Flawfinder is a simple program that scans C/C++ source code and reports potential security flaws. It can be a useful tool for examining software for vulnerabilities, and it can also serve as a simple introduction to static source code analysis tools more generally. It is designed to be easy to install and use. Flawfinder supports the Common Weakness Enumeration (CWE) and is officially CWE-Compatible.
For more information, see the project website
Platforms
Flawfinder is designed for use on Unix/Linux/POSIX systems (including Cygwin, Linux-based systems, MacOS, and various BSDs) as a command line tool. It requires either Python 2.7 or Python 3.
Installation
If you just want to use it, you can install flawfinder with
Python's "pip" or with your system's package manager (flawfinder has
packages for many systems). It also supports easy installation
following usual make install
source installation conventions.
The file INSTALL.md has more detailed installation instructions.

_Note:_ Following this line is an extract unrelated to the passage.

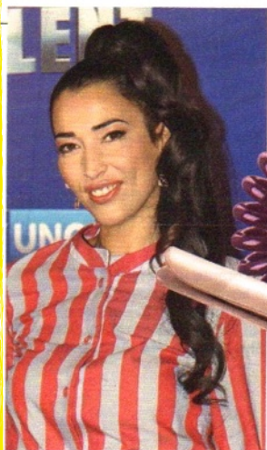
A sinistra la cantante Nina Zilli . Sotto, invisibobble, l'elastico che non spezza i capelli (6 euro, 6 pezzi) e il ferro Curi Revolution CIG06 di Remington (69 euro).

You don't HAVE to install it to run it, but it's easiest that way.
Usage
To run flawfinder, just give it a list of source files or directories to example. For example, to examine all files in "src/" and down recursively:
flawfinder src/
To examine all files in the current directory and down recursively:
flawfinder ./
Hits (findings) are given a risk level from 0 (very low risk) to 5 (high risk), By default, findings of risk level 1 or higher are shown. You can show only the hits of risk level 4 or higher in the current directory and down this way:
flawfinder --minlevel 4 ./
The manual page (flawfinder.1 or flawfinder.pdf) describes how to use
flawfinder (including its various options) and related information
(such as how it supports CWE). For example, the --html
option generates
output in HTML format. The --help
option gives a brief list of options.
Character Encoding Errors
Flawfinder must be able to correctly interpret your source code's character encoding. In the vast majority of cases this is not a problem, especially if the source code is correctly encoded using UTF-8 and your system is configured to use UTF-8 (the most common situation by far).
However, it's possible for flawfinder to halt if there is a
character encoding problem and you're running Python3.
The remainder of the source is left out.